# Marine Aquariums > Marine aquarium Set Up >  Well that didn`t turn out to well

## lost

Time to set up my uv sterilizer or so i thought.....at first it was plumbed in after the two reactors but all i got was a trickle of water , chances are the pump is not powerful enough me thinks . So i plumbed it in straight from the inlet the pipe before the pump and still i could not get it to work ,i just got a trickle of water through it and loads of air in the pump.

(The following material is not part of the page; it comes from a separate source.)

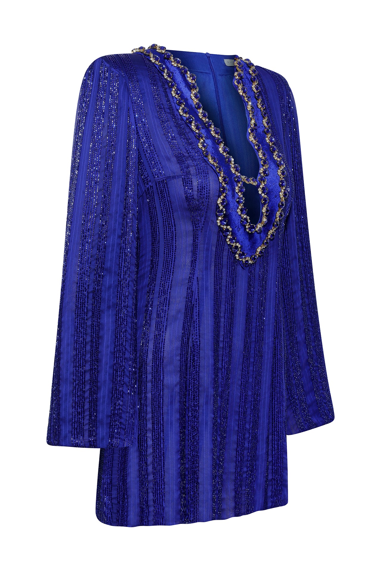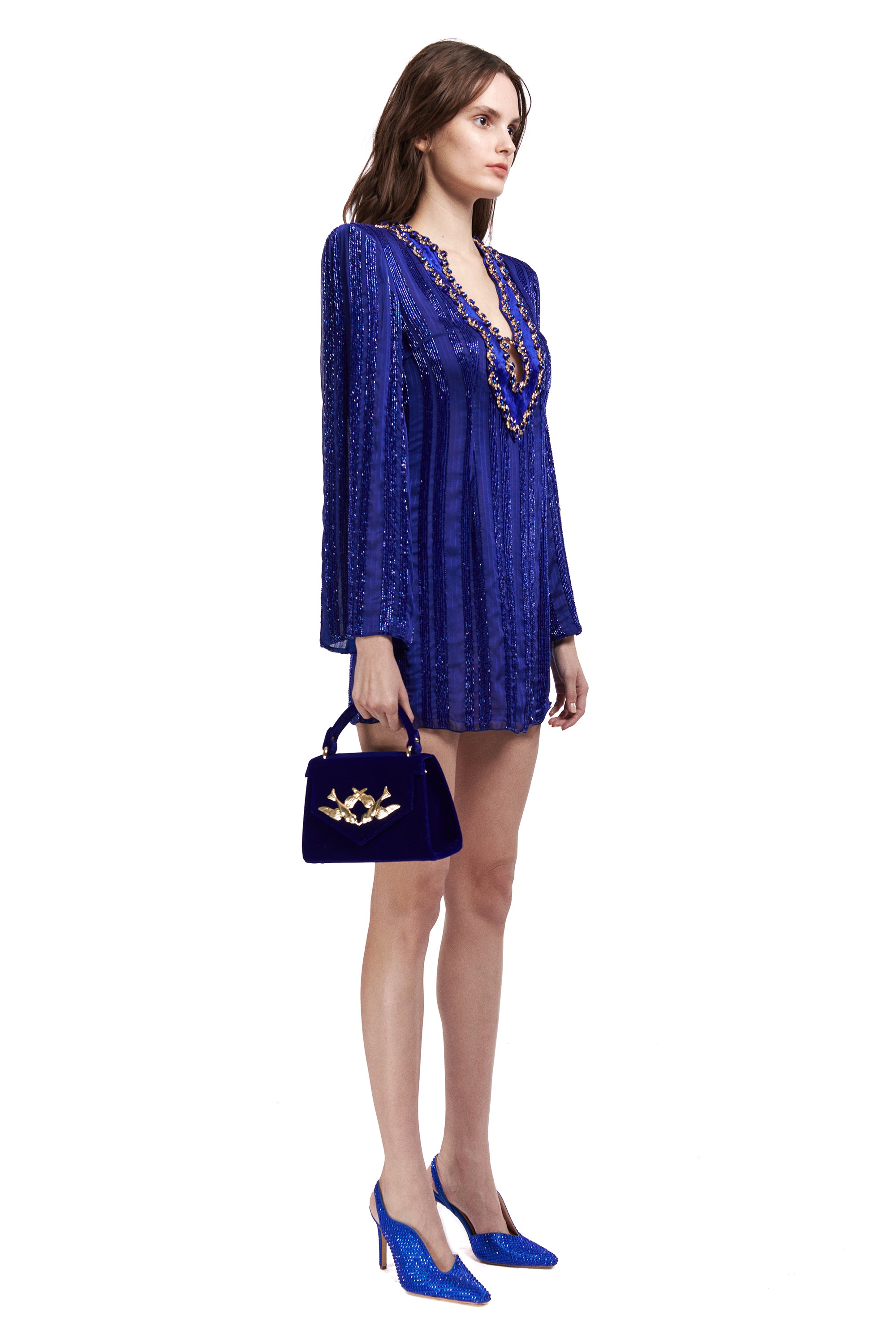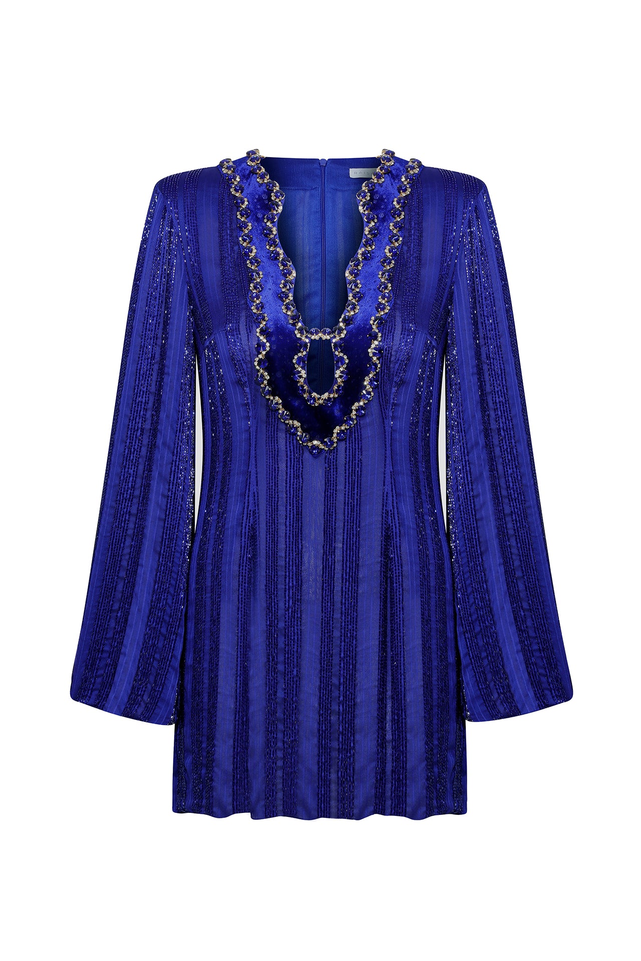 Hand-Made Crystal Embellished Chiffon Mini Dress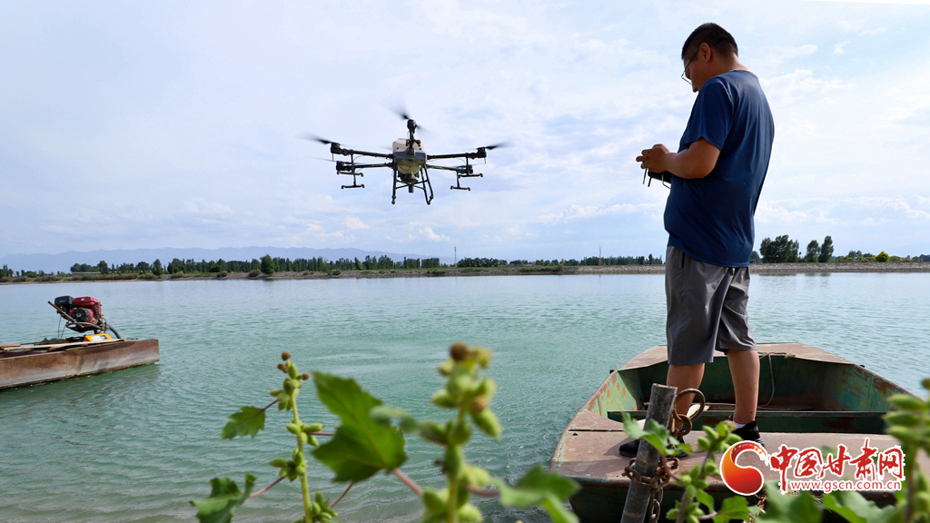 6月24日,在高臺(tái)縣夾溝湖水庫(kù)螃蟹養(yǎng)殖基地,無人機(jī)操作手啟動(dòng)設(shè)備,載滿飼料的無人機(jī)沿預(yù)設(shè)航線在800多畝螃蟹養(yǎng)殖基地上空精準(zhǔn)投喂。

I do not understand this i would have thought as the water came out of the tank there would be enough pressure to fill the reactor then in to the pump . The only thing i can think of is the pipe is to small any ideas?

----------


## Gary R

To me it sounds like the pump is having to much work to do ....what size pump do you have ? you could try taking the reactors off and see if it works then, that will say if pump is ok or not.

----------


## lost

i think the prob is with the diameter of the pipe in that it is to small to fill the tube of the uv of water ,it is being gravity fed from the tank , my thinking is if i have a larger pipe going in from the tank  to the uv but leave the original from the uv that should fill the uv ok still with me ???  :lol:  I am limited to the diameter after the pump by the size of the reactor pipework fittings and the pump is only on about 50% at the mo . I have a jebao dcs 1200

----------


## Gary R

You did not say that it was being fred from the return pipe from the tank  :lol:  (what i could see or make out anyway  :Smile:  )....I can't see the pressure from your tank being strong enough to push through the UV light on a return pipe.

Why don't you get yourself a reducing T Piece and fit it just after the pump with a PVC Hose Plug Valve then the other end from the UV goes back into the sump, like some think what i'v done on my tank, then you can control how much runs through it ?

https://www.fastlight.co.uk/acatalog...g_T_Piece.html
https://www.fastlight.co.uk/acatalog...ug_Valves.html

----------

*lost* (06-01-2020)

----------


## lost

Why don't you get yourself a reducing T Piece and fit it just after the pump with a PVC Hose Plug Valve then the other end from the UV goes back into the sump, like some think what i'v done on my tank
The main reason i do not do that is because i do not have a sump, but i am going to get a bigger inlet pipe and tubing and fingers crossed that will work

----------


## Gary R

Right sorry i did not realise you had not got a sump, With you saying that it was being gravity fed from the tank.... Think you need to send some pictures of were the UV is and were this pump is so i can try and get my head round it  :pmsl:

----------


## lost

Me thinks that is a good idea  :pmsl: 20191229_115814.jpg the outlet pipework has been tided up , at first the piping went in to the uv then to the pump but as i have said i think if i change the outlet pipework to something bigger it should fill the uv

----------


## Gary R

so were is the pipe coming from that is going to the pump ...is this having to pull it from the tank or is it being gravity fed to the pump ?

----------


## lost

Straight out of the tank to the pump but in an ideal world out the tank via the uv then the pump  :lol:

----------


## Gary R

So it would depend on how much water was getting pumped into the tank first, to how much would come back down the tube...the more flow to the tank the more would come back ....and only so much would come back though the pipe depending on the size of it....so how much can this pump push up to the tank ....IE is it set to its max ?

----------